***** INPUT

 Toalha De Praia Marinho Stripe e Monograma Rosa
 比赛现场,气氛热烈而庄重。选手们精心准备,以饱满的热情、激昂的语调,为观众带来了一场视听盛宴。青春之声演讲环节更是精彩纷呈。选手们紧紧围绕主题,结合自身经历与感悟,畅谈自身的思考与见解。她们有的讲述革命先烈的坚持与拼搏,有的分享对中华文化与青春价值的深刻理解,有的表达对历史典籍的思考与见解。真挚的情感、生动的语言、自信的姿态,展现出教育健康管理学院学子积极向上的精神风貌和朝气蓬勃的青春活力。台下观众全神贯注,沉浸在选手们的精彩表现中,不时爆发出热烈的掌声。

**********
***** INPUT

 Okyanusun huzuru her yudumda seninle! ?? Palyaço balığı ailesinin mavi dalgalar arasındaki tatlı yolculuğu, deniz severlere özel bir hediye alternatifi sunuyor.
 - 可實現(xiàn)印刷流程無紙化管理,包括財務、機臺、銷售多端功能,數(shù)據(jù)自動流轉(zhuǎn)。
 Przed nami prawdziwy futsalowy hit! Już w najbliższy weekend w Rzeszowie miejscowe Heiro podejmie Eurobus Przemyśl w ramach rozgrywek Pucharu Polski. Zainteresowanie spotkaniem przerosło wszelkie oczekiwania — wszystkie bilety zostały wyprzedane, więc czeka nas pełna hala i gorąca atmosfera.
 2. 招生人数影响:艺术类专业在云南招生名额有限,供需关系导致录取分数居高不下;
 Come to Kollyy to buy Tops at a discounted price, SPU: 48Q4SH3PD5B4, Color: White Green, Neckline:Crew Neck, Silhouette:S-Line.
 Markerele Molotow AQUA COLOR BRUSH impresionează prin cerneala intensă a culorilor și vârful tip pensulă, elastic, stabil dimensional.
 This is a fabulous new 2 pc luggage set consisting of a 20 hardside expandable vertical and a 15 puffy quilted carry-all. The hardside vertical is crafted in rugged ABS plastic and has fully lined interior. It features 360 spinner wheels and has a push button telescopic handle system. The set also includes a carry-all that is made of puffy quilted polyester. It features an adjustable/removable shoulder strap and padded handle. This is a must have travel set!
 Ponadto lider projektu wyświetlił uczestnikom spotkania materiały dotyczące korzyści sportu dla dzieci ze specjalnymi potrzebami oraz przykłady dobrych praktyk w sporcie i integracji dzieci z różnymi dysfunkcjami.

**********
***** INPUT

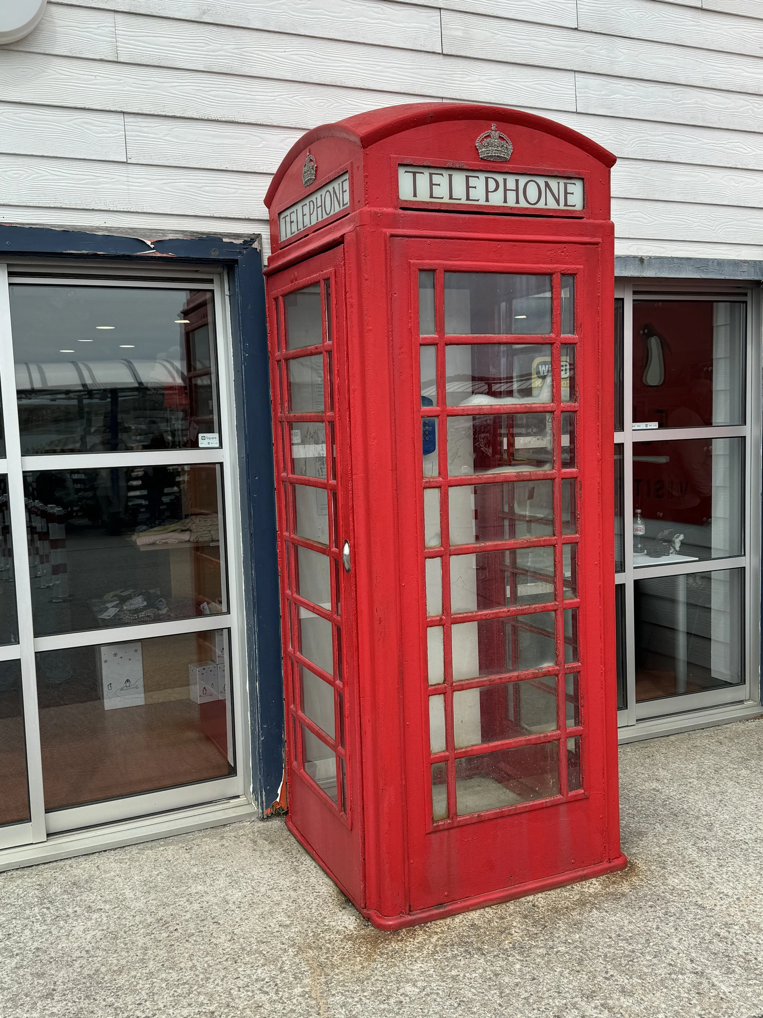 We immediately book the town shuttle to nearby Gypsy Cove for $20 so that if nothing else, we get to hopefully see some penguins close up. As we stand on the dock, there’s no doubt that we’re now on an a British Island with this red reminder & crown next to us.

**********

WHAT THIS TASK INVOLVES: The response should be the listing above, limited to the lines between the one holding "- 可實現(xiàn)印刷流" and the one holding "Markerele Molotow AQUA", inclusive, reproduced exactly.

EXERCISE RESULT:
 - 可實現(xiàn)印刷流程無紙化管理,包括財務、機臺、銷售多端功能,數(shù)據(jù)自動流轉(zhuǎn)。
 Przed nami prawdziwy futsalowy hit! Już w najbliższy weekend w Rzeszowie miejscowe Heiro podejmie Eurobus Przemyśl w ramach rozgrywek Pucharu Polski. Zainteresowanie spotkaniem przerosło wszelkie oczekiwania — wszystkie bilety zostały wyprzedane, więc czeka nas pełna hala i gorąca atmosfera.
 2. 招生人数影响:艺术类专业在云南招生名额有限,供需关系导致录取分数居高不下;
 Come to Kollyy to buy Tops at a discounted price, SPU: 48Q4SH3PD5B4, Color: White Green, Neckline:Crew Neck, Silhouette:S-Line.
 Markerele Molotow AQUA COLOR BRUSH impresionează prin cerneala intensă a culorilor și vârful tip pensulă, elastic, stabil dimensional.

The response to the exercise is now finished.